I identified region of interest being (400-655) across Y-axis and entire X-range. I used blocks sized 64x64 as that is size of training images as well as 96x96 as that is the apparent size of cars in video when they are within couple of feet.
I also tred sizes 32x32 and 24x24 in reduced ROI (400-500), in attempt to get some matches on cars that are far ahead on the road. However I gave up on that, as I was only getting many false positives and not a single match from that set of windows, while it slowed down the pipeline due to processing extra windows. I started with 50% window overlap and stuck to it as it seems to work well enough.
Generation of search windows happens in search_lib.py
around lines 142-147 where it is tighlty coupled with extracting HOG for entire ROI and
then applying generated windows to extracted features and eliminating negatives. Therefore I dont have full set of generated windows from the
actual find_cars
function, but this should be a very close approximation:
Since classification needs to work on same set of features that was used for training, I used feature extraction as above, namely two scales using YCrCb 3-channel HOG features plus spatially binned color and histograms of color. Result needed some duplicate elimination, so I used heatmap thresholding and binning
in order to clip spurious detections and identify blobs on heatmap using scipy.ndimage.measurements.label()
. These blobs remaining after thesholding are assumed to be distinct cars and bounding rectangles are constructed around them. Below is the pipeline output for test images.

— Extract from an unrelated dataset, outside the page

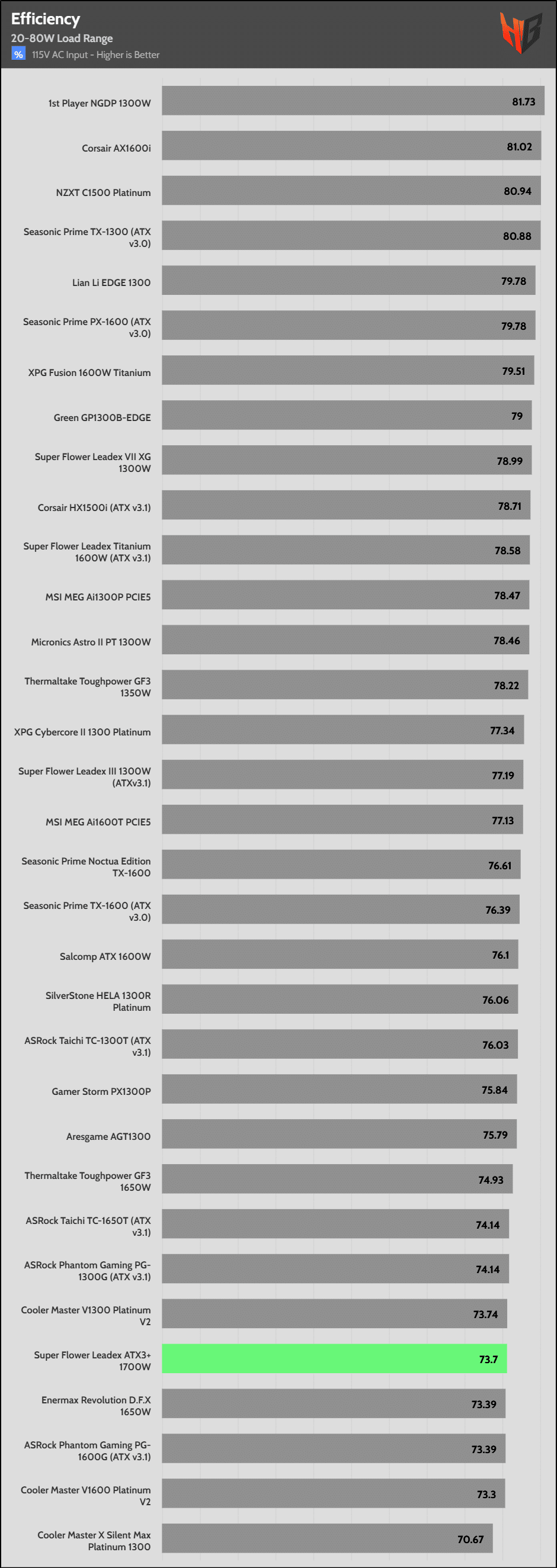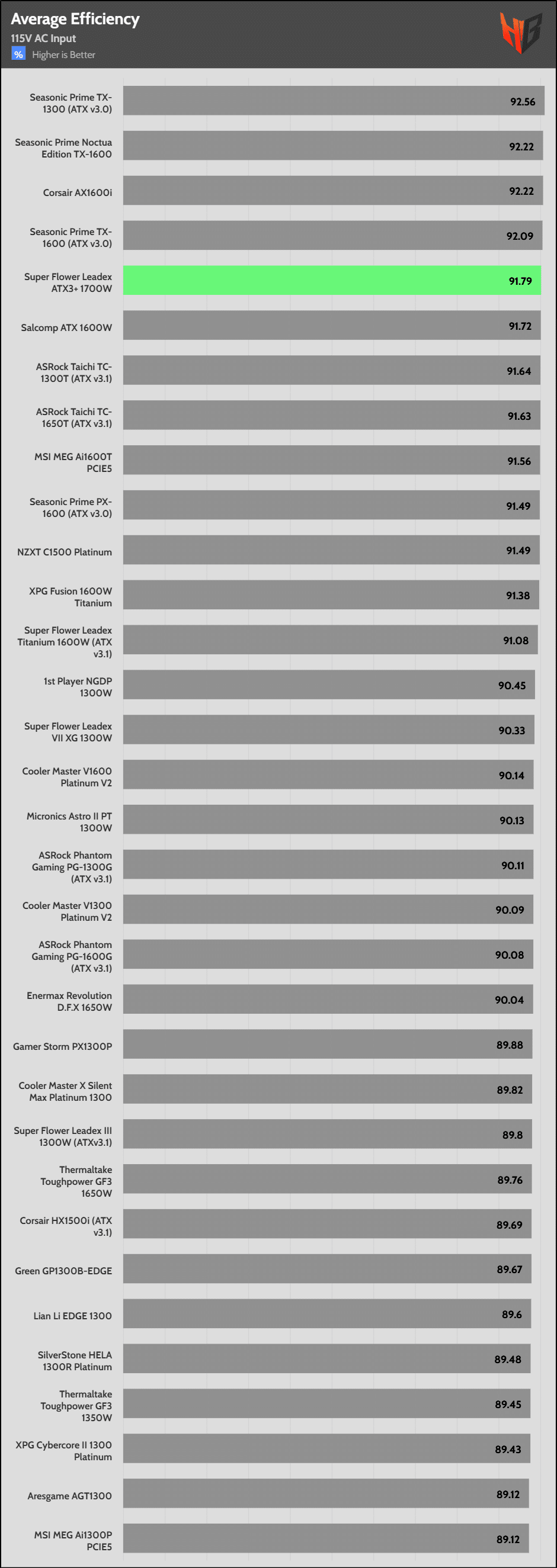 | Highest Average Efficiency (115V) | Seasonic Prime TX-1300 | Seasonic Prime Noctua Edition TX-1600 | Corsair AX1600i |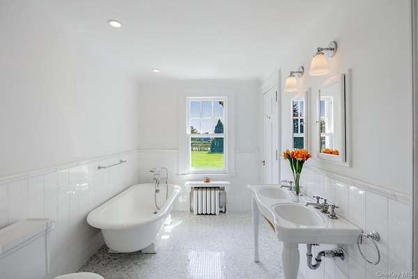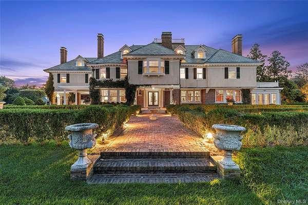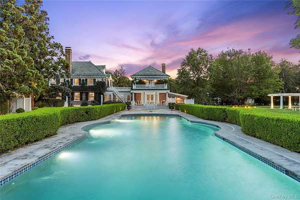 No need to leave this expansive and totally private resort-like gem, set on nearly 6 acres of stunning Estate grounds south of the highway. This gorgeous circa 1908 mansion has exquisite period details and modern conveniences - including multi-zone central air conditioning, Sonos sound system throughout the house, and wifi - that have been tastefully integrated into this showcase home. This 13,000 sq. ft. home features a grand foyer with double staircase to second floor, a formal living room and dining room, each with a fireplace, a spacious custom-designed eat-in kitchen, marble butler's pantry, library, wine cellar and screened-in summer porch. The primary suite and additional 5 guest bedrooms en suite are on the second level with a separate guest wing with 3 bedrooms, 2 staff rooms, baths and the summer primary suite overlooking the pool. On the third level you'll find the playroom, the billiard and game rooms with a dedicated poker room, a handsome bar with ice maker and additional bedrooms and bath. A charming "Summer Kitchen" with a stylish and fully equipped bar with ice maker, pizza oven, pool and pool cabana, with separate shower and changing room for guests - all perfect for outdoor entertaining! Elegant 25' x 75' semi-Olympic heated gunite pool, 10 person spa, all weather tennis court, regulation size bocce court, expansive lawn with sprinkler system, lush gardens and gated property for total privacy...all in the heart of the Village, overlooking the Quogue Field Club and Dune Road. Additionally, the estate is conveniently located near Gabreski Airport, accommodating private jets of any size, making it an ideal retreat for discerning guests seeking both elegance and convenience. There is simply no other property like it in Quogue!

Here's a link to my video result
2. Describe how (and identify where in your code) you implemented some kind of filter for false positives and some method for combining overlapping bounding boxes.
Filter for false positives on a single frame is described above. However, video processing pipeline records individual heatmaps for last 3 frames, and adds them together applying higher threshold to it. The rest of heatmap blob labeling is then done the same way as for single frame processing. Old frames are subtracted from cumulative heatmap when they are evicted from buffer, so that cumulative heatmap allways retains exact sum of heatmaps. This somewhat helps eliminate most false positives without decimating true positives in some frames.
Since lectures provide guidance on how to do appropriate feature engineering for this particular machine learning application, it didn't take much to arrive to classifier that is over 99% accurate. But that still leaves room for false postitives and false negatives. While I greatly reduced the number of actual false positives by reducing ROI to the bottom of image where the road is at, classifier just wasn't picking up any cars that are far ahead on the road and appear to fit in 16x16 or 24x24 rectangles. So clasifier could use more work in order to get more robust with images of different sizes. And there is lot of room for improvements since it is really just SVM with linear kernel and no parameter tuning was done yet.
Also, I used heatmap and blob labeling in order to filter out false positives and stabilize the size of bounding rectangles around detected cars. This approach worked to some point as maintaining cumulative heatmap over too many frames required higher thresholds and this led to less responsive formation and movement of bounding rectangles. Additional improvement would require tracking actual detected cars from frame to frame, but since I started this project one week behind the schedule, there was no time to implement this.